Your reply should reproduce the data below without a single alteration, apart from dropping the images.

### Dataset section:
★ ★ ★ ★

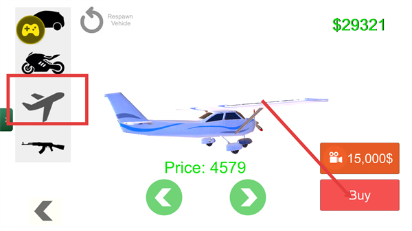 3、選擇飛機(jī)載具,查看價(jià)格后點(diǎn)擊按鈕購(gòu)買,利用飛機(jī)可快速跨越長(zhǎng)距離區(qū)域,提升探索范圍。
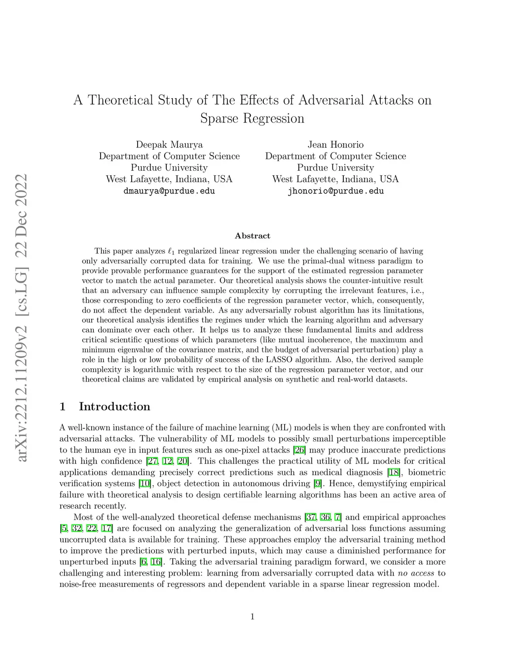 This paper analyzes regularized linear regression under the challenging scenario of having only adversarially corrupted data for training. We use the primal-dual witness paradigm to provide provable performance guarantees for the support of the estimated regression parameter vector to match the actual parameter. Our theoretical analysis shows the counter-intuitive result that an adversary can influence sample complexity by corrupting the irrelevant features, i.e., those corresponding to zero coefficients of the regression parameter vector, which, consequently, do not affect the dependent variable. As any adversarially robust algorithm has its limitations, our theoretical analysis identifies the regimes under which the learning algorithm and adversary can dominate over each other. It helps us to analyze these fundamental limits and address critical scientific questions of which parameters (like mutual incoherence, the maximum and minimum eigenvalue of the covariance matrix, and the budget of adversarial perturbation) play a role in the high or low probability of success of the LASSO algorithm. Also, the derived sample complexity is logarithmic with respect to the size of the regression parameter vector, and our theoretical claims are validated by empirical analysis on synthetic and real-world datasets.
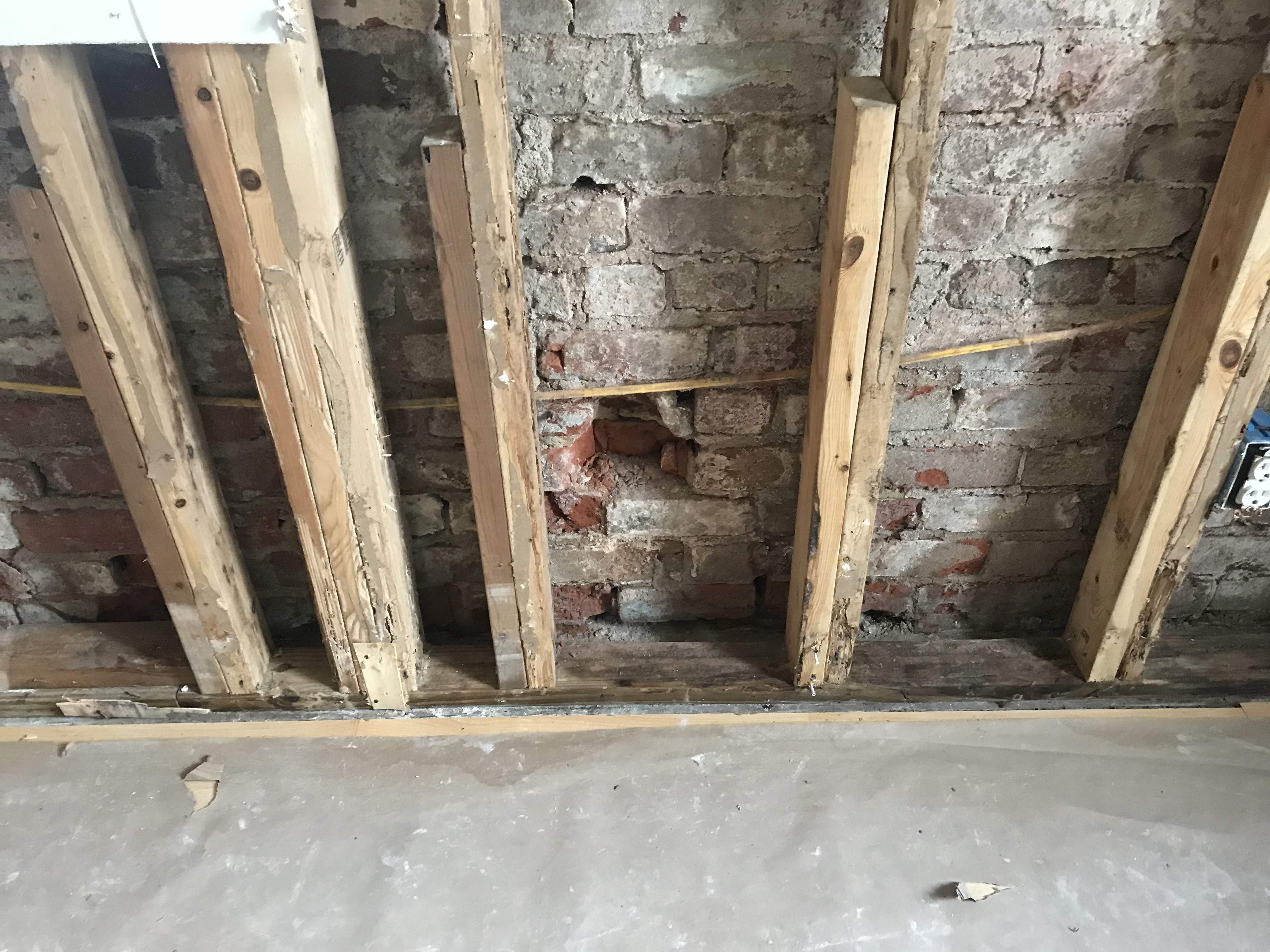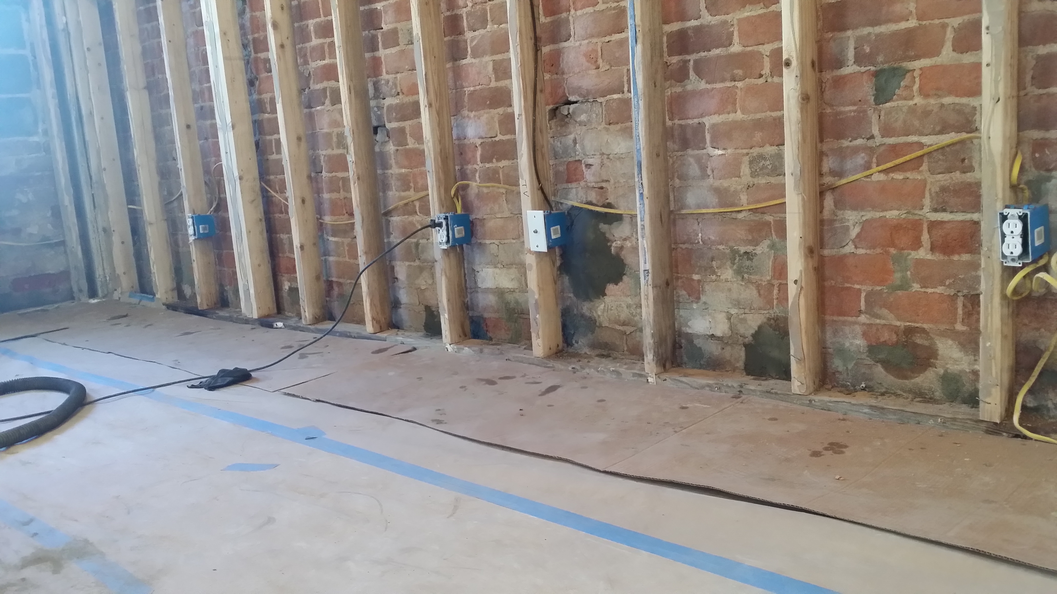 The building was renovated and turned into a residential building in 2009. The walls were studded and sheet-rock was installed. Over time, mold developed behind the sheet-rock and studding began to deteriorate. After removal of the sheet-rock, it was evident there were multiple issues that needed to be addressed. Rising damp from the foundation was evident, as well as damaged facing of the brick and mortar. There was also water penetration on the north side of the building that was slightly below grade.

★ ★ ★ ★

### Task solution:
 3、選擇飛機(jī)載具,查看價(jià)格后點(diǎn)擊按鈕購(gòu)買,利用飛機(jī)可快速跨越長(zhǎng)距離區(qū)域,提升探索范圍。
 This paper analyzes regularized linear regression under the challenging scenario of having only adversarially corrupted data for training. We use the primal-dual witness paradigm to provide provable performance guarantees for the support of the estimated regression parameter vector to match the actual parameter. Our theoretical analysis shows the counter-intuitive result that an adversary can influence sample complexity by corrupting the irrelevant features, i.e., those corresponding to zero coefficients of the regression parameter vector, which, consequently, do not affect the dependent variable. As any adversarially robust algorithm has its limitations, our theoretical analysis identifies the regimes under which the learning algorithm and adversary can dominate over each other. It helps us to analyze these fundamental limits and address critical scientific questions of which parameters (like mutual incoherence, the maximum and minimum eigenvalue of the covariance matrix, and the budget of adversarial perturbation) play a role in the high or low probability of success of the LASSO algorithm. Also, the derived sample complexity is logarithmic with respect to the size of the regression parameter vector, and our theoretical claims are validated by empirical analysis on synthetic and real-world datasets.
 The building was renovated and turned into a residential building in 2009. The walls were studded and sheet-rock was installed. Over time, mold developed behind the sheet-rock and studding began to deteriorate. After removal of the sheet-rock, it was evident there were multiple issues that needed to be addressed. Rising damp from the foundation was evident, as well as damaged facing of the brick and mortar. There was also water penetration on the north side of the building that was slightly below grade.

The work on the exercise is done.